The requirements for a piece of software will invariably be incomplete. There will be conceptual gaps that must be filled, and there will be assumptions that aren’t justified and aspects that just won’t work. Because clients aren’t software experts, they won’t always be able to distinguish between what’s possible and what’s not, or know what trade-offs are available. They need to work with the product team (analysts, testers, and developers) to discover this.
This means that the development process is a process of discovery — progressively finding out the exact character of the software that will meet the customer’s needs. Developers must combine analytical and creative skills to find out what their customer really wants (even if the customer’s description is confused and incomplete) and invent ways to combine these requirements into a system that’s logically consistent and easy to use. Software development is also a process of discovering whether and how the chosen technology can be made to perform the role that’s required of it. Sometimes it will work as expected. Sometimes it won’t, but there’s a workaround that takes more effort than originally planned. And sometimes the technology just can’t do what’s needed.
The best way I’ve heard this worded is as such:
Software development isn’t just a process of creating software; it’s also a process of learning how to create the software that is best suited for its purpose.
Another way to look at it:
Programming is more than just writing code. Each step requires the developer to analyze some portion of the problem and design some aspect of the solution.
Software development is a process of research, so at no point can absolutely definitive plans be drawn up.
Come to think of it… The same applies to test plans in the testing arena. This is why I focus more on the test strategy than on the test plan.
The more definitive you try to make the plans, the more flawed they’ll be, and the more labor there will be in revising them to meet changing circumstances. As the shape of the software becomes increasingly clear over the course of a project, the design of that software must be revised again and again. To completely redesign the solution each time around would be onerous and wasteful, so we should think rather of a process of ongoing design.
The question is: does this help us avoid building in those patterns of instability?
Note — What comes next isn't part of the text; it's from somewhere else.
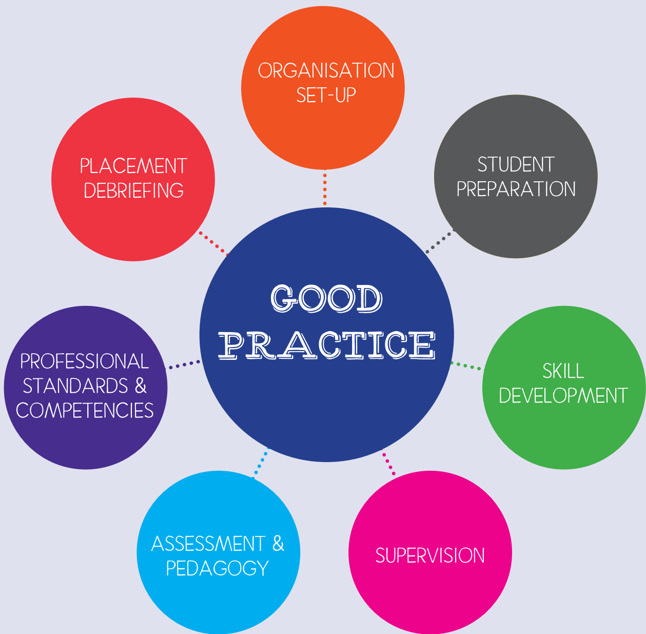
Figure 1: International Field Education Good Practice
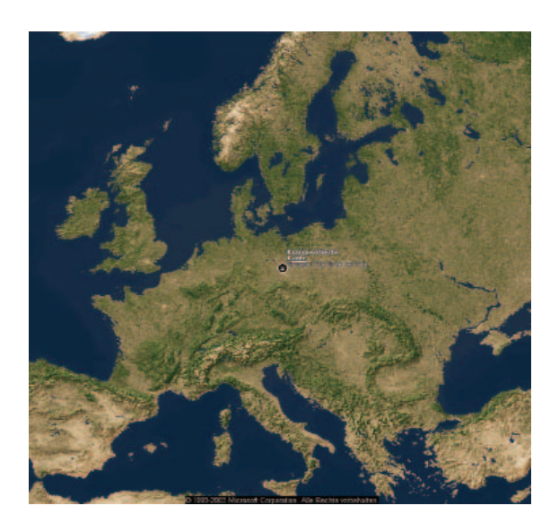
Fig 1: European soil resources. Soils and their different natural qualities are fundamental to land uses and functions in providing ecological services. European soils are under pressure by non-sustainable landuse practices. Understanding the varying properties of the soil (and water) systems in space and time that determine the opportunities for more eco-efficient land uses is essential for future integrated resource management policies.

Soils as a natural resource perform a number of key environmental, social and economic functions. Agriculture and forestry depend on soil for the supply of water and nutrients and for root fixation. Soils perform storage, filtering, buffering and transformation functions, thus playing a central role in the protection of water and the food chain and the exchange of gases with the atmosphere. Moreover, soil is a biological habitat, a gene pool, an element of the landscape and a cultural heritage as well as a provider of raw materials (see Fig. 1).

As it turns out: nope! Software is more fragile than ever in some cases. The major difference is we tend to find out about it quicker and can maybe even react a bit quicker to mitigate problems. On the other hand, you could argue modern software practices simply allow us to make more mistakes even faster. Given the continuing studies into software development, I think the ideas of how software is developed and the ideas presented in the book Ubiquity do intersect.